WTW off to ‘solid start’ with largest hiring spree since 2019
Global re/insurance broker WTW (Willis Towers Watson) scooped up talent from the market “at fastest rate since 2019” and made significant progress towards cost savings from transformation in the first three months of the year, the company’s Q1 earnings report has revealed.
WTW’s hiring activity in the first quarter of 2022 was up 23% as compared to the fourth quarter of 2021 – reaching the highest level since 2019. At the same time, its voluntary terminations in the quarter declined by 19%.
WTW chief executive officer Carl Hess (pictured) said the first quarter marked a “solid start to the year” with results “in line with expectations” and reflecting overall improved momentum across the business.
“During the quarter, we continued to make significant progress across our strategic priorities,” Hess remarked. “We launched innovative new products, hired at our fastest rate since 2019, simplified our reporting structure, and made headway on transforming our cost structure.”
Besides improving hiring and attrition to overcome some breakage seen during the integration of its failed $30 billion merger deal with Aon, the company claims to have made “significant progress” towards realising the planned $30 million of run-rate cost savings from transformation initiatives in 2022.

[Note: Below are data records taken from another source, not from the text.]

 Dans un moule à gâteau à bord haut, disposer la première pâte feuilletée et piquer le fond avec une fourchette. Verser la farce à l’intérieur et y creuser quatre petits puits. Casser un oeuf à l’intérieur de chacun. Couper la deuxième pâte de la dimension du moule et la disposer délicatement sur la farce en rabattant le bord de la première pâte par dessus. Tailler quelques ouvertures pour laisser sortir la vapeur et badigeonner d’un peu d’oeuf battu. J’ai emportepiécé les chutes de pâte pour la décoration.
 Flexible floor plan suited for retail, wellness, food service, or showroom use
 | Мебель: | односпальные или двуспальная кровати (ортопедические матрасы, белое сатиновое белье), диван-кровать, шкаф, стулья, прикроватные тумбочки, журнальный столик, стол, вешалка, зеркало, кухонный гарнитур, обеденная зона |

The transformation programme has generated an incremental $16 million in total run-rate savings in the quarter, the company said, while incurring $11 million in restructuring charges and $3 million in capital expenditures.

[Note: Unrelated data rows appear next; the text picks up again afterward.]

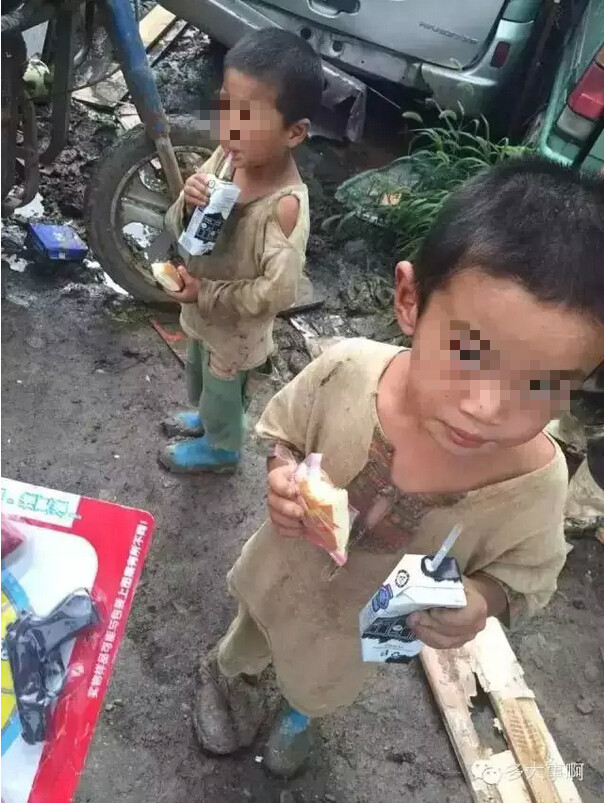 新聞圖片可以看到,一對小朋友,其實并不是那么能看得出哪個小朋友是女孩兒。一個小臉兒稍微圓一點的小朋友穿著藍色的滿是灰塵的褲子,上身的小T恤則全是污漬。另外一個稍微瘦一點的小朋友,T恤肩膀的一端已經(jīng)耷拉下來,明顯比較大的雨靴上都是泥。他們在一群垃圾之間,他們生活在省會城市南京。
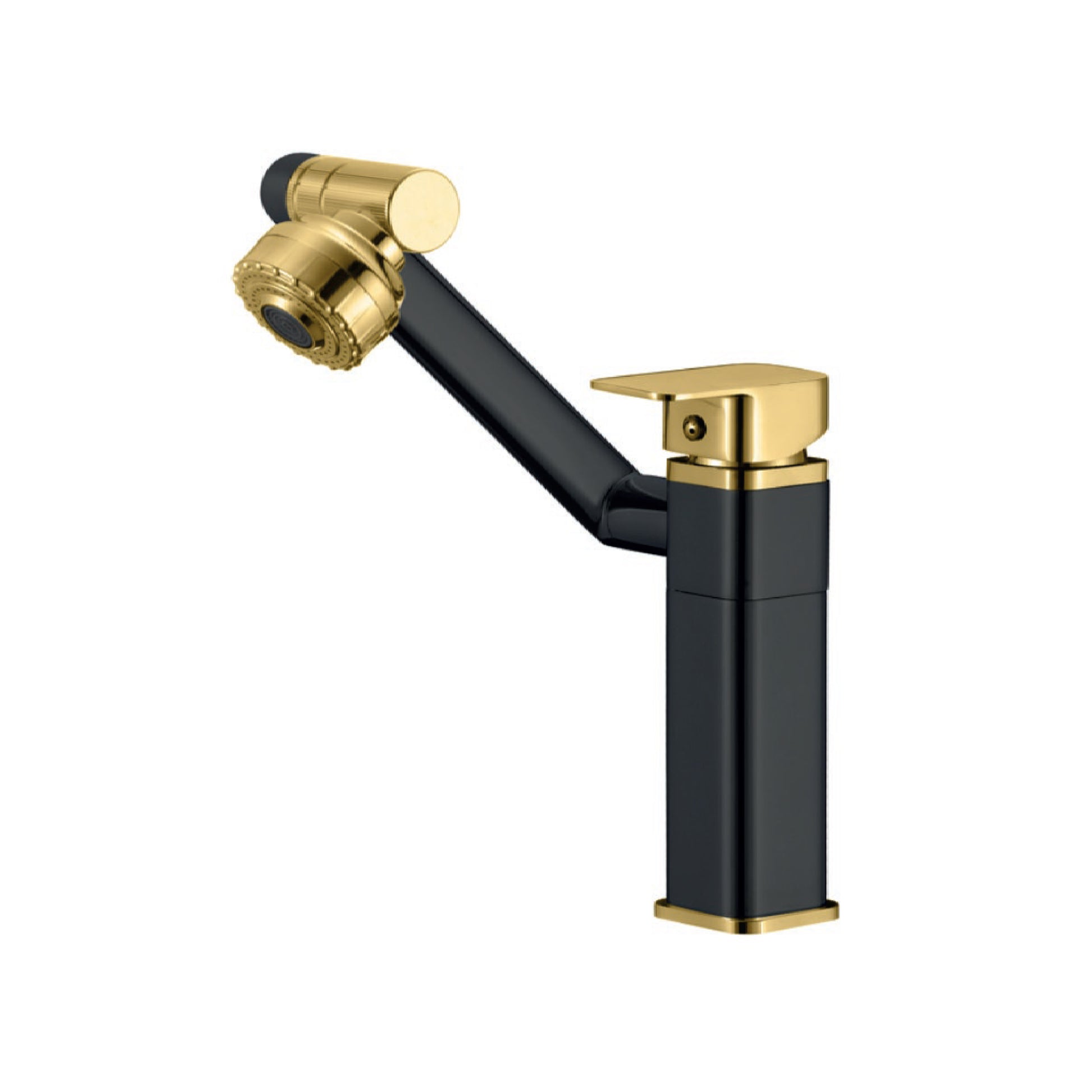 Mezcladora Giratoria P/Lavatorio NRVA C/2 Funciones - Black&Gold - Bronce - Fratelli
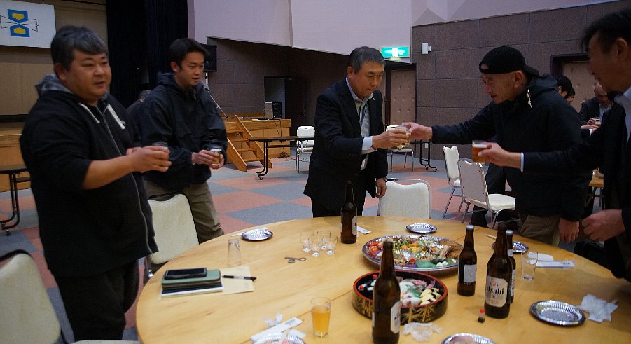 | 今朝は晴れ。寒い朝です5℃。 写真は昨日開催された一日市盆踊り実行委員会。 明日から今日の八郎潟はお休み(10/24-10/24)。上京してきます。 |
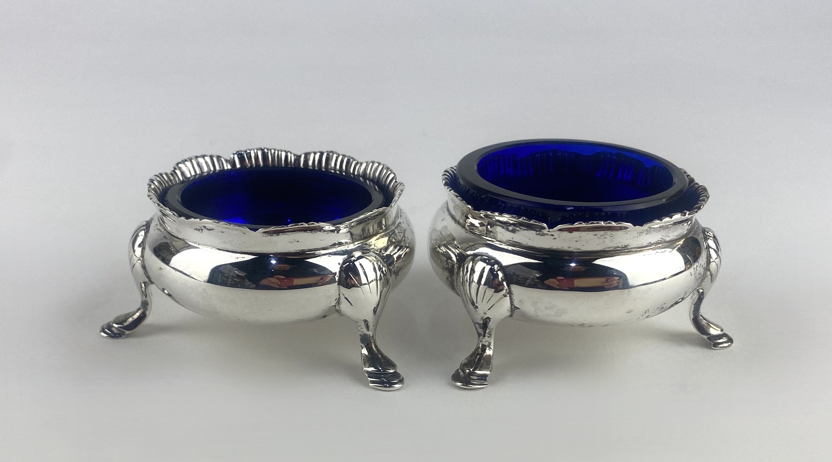 A pair of George III style silver salts, by Stokes & Ireland Ltd., Chester, 1918 and 1919, with blue glass liners gadrooned rims, each raised on three hooofed feet, height 3.3cm, 3.1oz
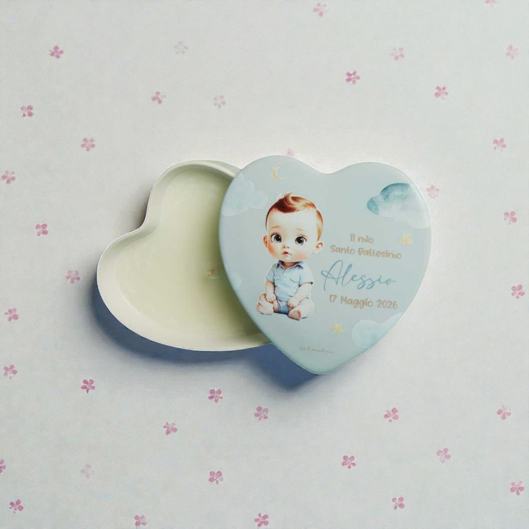 La scatolina candela cuore si distingue per la sua forma armoniosa e per il coperchio impreziosito dal disegno di un simpatico bimbo. Le sfumature colorate chiare aggiungono luminosità e dolcezza, trasformando questa bomboniera in un complemento d’arredo versatile e sofisticato. Un dettaglio che unisce arte e romanticismo, rendendo ogni evento ancora più speciale. All’interno della scatolina candela cuore è presente una candela, pronta per essere accesa e diffondere una luce calda e avvolgente. Inoltre, la scatolina candela cuore si può personalizzare con il nome del festeggiato. Questo elemento rende la bomboniera ancora più significativa, trasformandola in un simbolo di intimità e serenità. Un gesto semplice che porta armonia e dolcezza negli spazi domestici, regalando emozioni autentiche. Dimensioni: 12x12x4,5 cm

WTW has reported a 3% decline in total revenue ($2.16 billion) for the first quarter of 2022, compared with $2.23 billion for the same period in the prior year. However, saw a 2% increase on an organic basis.
Adjusted EBITDA for Q1 was $518 million, up 6% compared to Adjusted EBITDA of $488 million in the prior-year first quarter.
In March, WTW announced its intention to transfer ownership of its Russian subsidiary to local management, who will operate independently in the Russian market.
Upon deconsolidating, WTW recorded a non-cash loss on disposal of $57 million, and a non-cash impairment charge of $81 million related to its Russian business during the quarter.
WTW repurchased 9.9 million shares for $2.3 billion, achieving the $4 billion near-term share repurchase target set at Investor Day.
“Going forward, we believe we are well-positioned for success, with our industry-leading solutions and teams helping our clients address their most pressing needs in a volatile economic environment,” Hess said.
“We believe we remain on track to achieve our 2022 financial targets and are confident in our ability to deliver on our long-term goals for the benefit of all our stakeholders,” he concluded.